Under the provisions of section 5112.17 of the Ohio Revised Code, Mercer County Community Hospital shall provide basic, medically necessary, hospital-level services free of charge to any non-Medicaid Ohio resident, who is either covered by Disability Assistance or has a family income at or below the Federal Poverty Guideline on the date of service. This provision is referred to as the Ohio Hospital Care Assurance Program (HCAP). Mercer County Community Hospital has expanded their own Hospital Charity Care Program to include all billed services excluded by HCAP and a sliding scale discount for incomes above 100% the federal poverty guideline up to 150%. It shall also include all billed services on a single encounter that exceed one year’s family gross income for those that don’t qualify under the poverty guidelines. To apply for such assistance, consumers must complete, sign and return the application located on the back of their statement letters to the Patient Accounts Department, Mercer County Community Hospital, 800 West Main Street, Coldwater, OH 45828 along with proof of income. There is no time frame requirement to apply. As long as consumer can show proof of income receiving prior to date of service, they are eligible to apply for the program for any account at any time. For assistance in completing, questions regarding the application or to receive a new application, consumers may call our Financial Advisor at 419-678-5148 or Patient Accounts Office at 419-678-5151. Click here to view a printable PDF HCAP form.

 

Payment Plans:
Mercer Health does offer interest free payment plans for those situations were payment in full can not be made due to financial situation or unexpected medical expenses. For accounts to be set up on a payment plan, consumers may call our Financial Advisor at 419-678-5148 or the Patient Accounts Office at 419-678-5151 to speak to an account representative. Payment booklets are available to track and remind of payment due dates.

 

Credit/Bank Cards:
Mercer Health does accept payment by credit/bank card for VISA, Mastercard and Discover. Payment can be made by telephone by calling our Patient Accounts Office at 419-678-5151 or our Financial Advisor at 419-678-5148 or by mailing the completed bottom section of our statement letter to Mercer County Community Hospital 800 W. Main Street, Coldwater, OH 45828. For those customers on a payment plan and upon completion of an authorization form, our office can automatically deduct your monthly payment from your credit/bank card for your convenience.

 

For an Itemized Listing/Statement of Charges:
For an itemized listing/statement of your detailed charges, consumers can call our Patient Accounts Office at 419-678-5151 or send a written request to Mercer County Community Hospital- Patient Accounts Department, 800 W. Main Street, Coldwater, OH 45828 or
fax to 419-678-5643.

 

Other Billing Agencies:
In addition to the technical billing for all services rendered at Mercer County Community Hospital, our Billing Office also performs the professional billing services for the Emergency Room Physicians, Doctor’s Urgent Care Physicians, and the Anesthesiologists. For all other professional services, you will be billed by the physician offices directly. Below are a few of the other common professional services you may receive bills.

The Radiologist bill is separately billed by Lima Radiology Associates and their billing office telephone number is 800-444-3387. The mailing address is P.O. Box 5128, Lima, OH 45802.

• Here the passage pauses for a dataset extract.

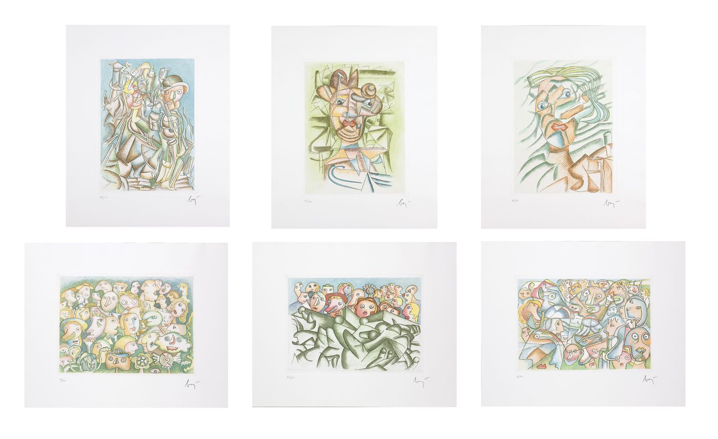 BAJ ENRICO Milano 1924 - 2003 Cartella "Futurismo statico" 1983, composta da 6 litografie a colori 60x50 (foglio), 39x30 litografia es. 36/150 60x50 (foglio), 39x28 litografia, es. 36/150 60x50 (foglio), 39x28 litografia, es. 36/150 50x60 (foglio), 29x39 litografia, es. 36/150 50x60 (foglio), 28x39 litografia, es. 36/150 50x60 (foglio), 27x39 litografia, es. 36/150 Opere firmate in basso a destra, numerate in basso a sinistra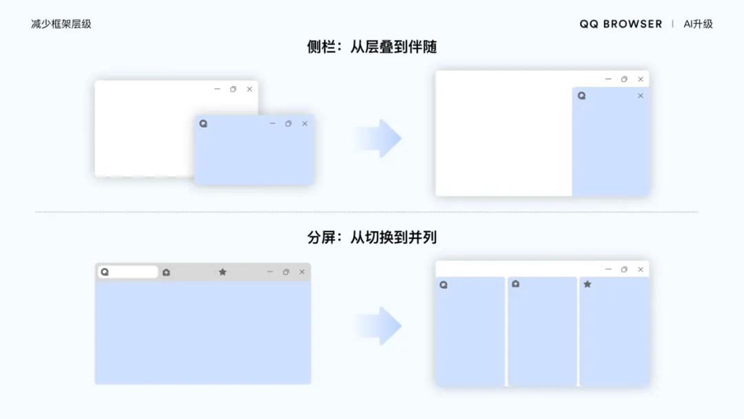 AI会使得用户在当前网页就能完成更多任务,反复切换会减少,三行框架整体高度不变的情况下,加大网页工具栏高度,更聚焦,点击区更大,使用更舒适。

The Pathologist bill is separately billed by Grandlake Pathology - Dr. Fishbein and their billing office telephone number is 800-873-7909. The mailing address is P.O. Box 96, Coldwater, OH 45828.

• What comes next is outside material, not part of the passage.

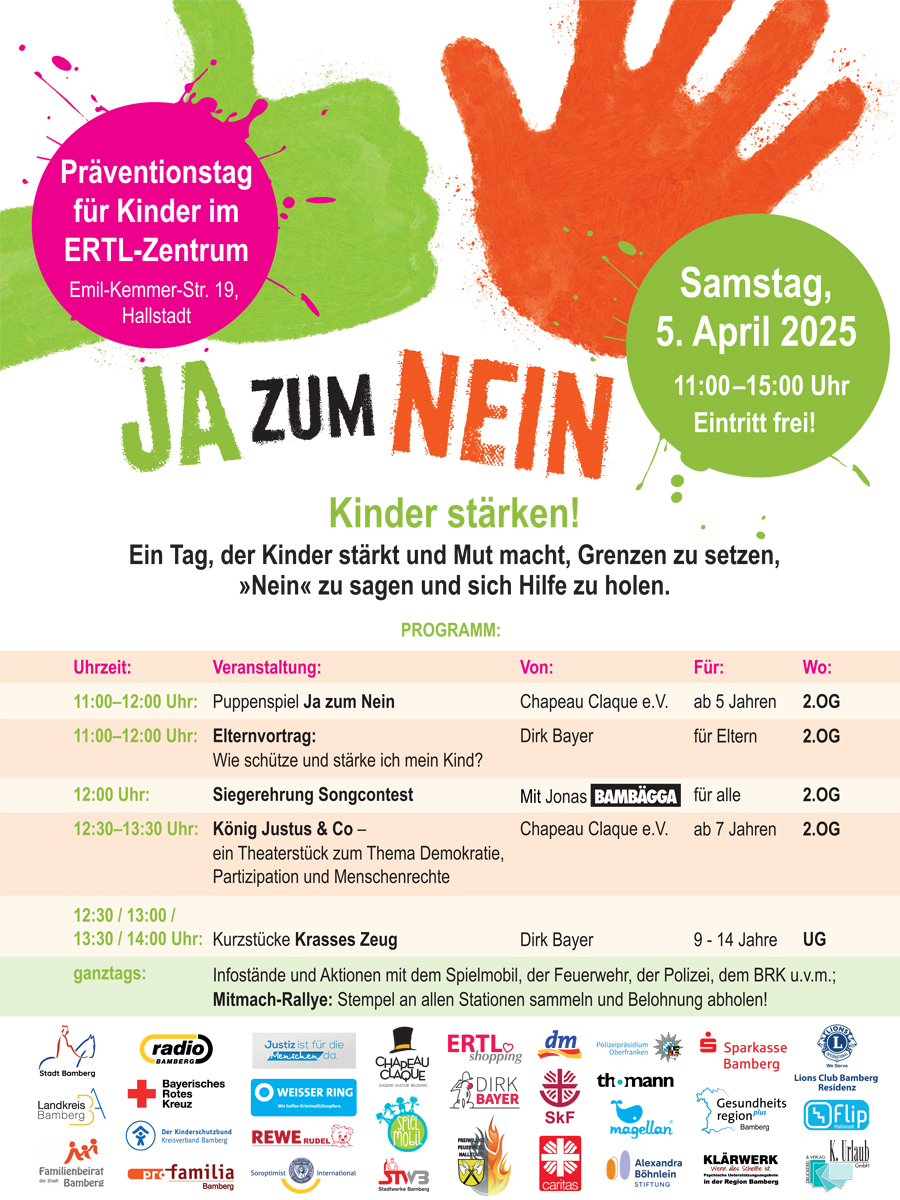 Die Veranstaltung wird von zahlreichen Expertinnen und Experten aus den Bereichen Kinderschutz, Jugendhilfe und Prävention unterstützt. „Kinder müssen wissen, wann sie Autoritätspersonen widersprechen dürfen, wo ihre Rechte liegen und wie sie im Notfall Hilfe holen können“, betont Maria Schuster, Leiterin der Bamberger Außenstelle des Weissen Ring e.V. Auch die Staatsanwaltschaft Bamberg ist als Initiatorin wieder mit an Bord. „Prävention ist eine gesamtgesellschaftliche Aufgabe, und Kinder sind dabei unser wichtigstes Gut“, hebt Leitender Oberstaatsanwalt Bernhard Lieb hervor. Peter König vom Lions Club Residenz als Hauptsponsor fasst zusammen: „Der Präventionstag ‚Ja zum Nein!‘ bietet eine wertvolle Möglichkeit, sich gemeinsam mit dem Thema Prävention auseinanderzusetzen, spielerisch zu lernen und wichtige Kontakte zu knüpfen. Seid dabei und helft mit, Kinder stark zu machen!“.

The Cardiologist bill is separately billed by Dr. Ranga Inc. – Dr. Kakarla and their billing office number is 419-629-3663. The mailing address is P.O. Box 98, New Bremen, OH 45869.

The Sleep Study Interpretations are billed by Dayton Lung & Sleep Medicine and their billing office telephone number is 800-350-0322- The mailing address is P.O. Box 634857 Cincinnati, OH 45263.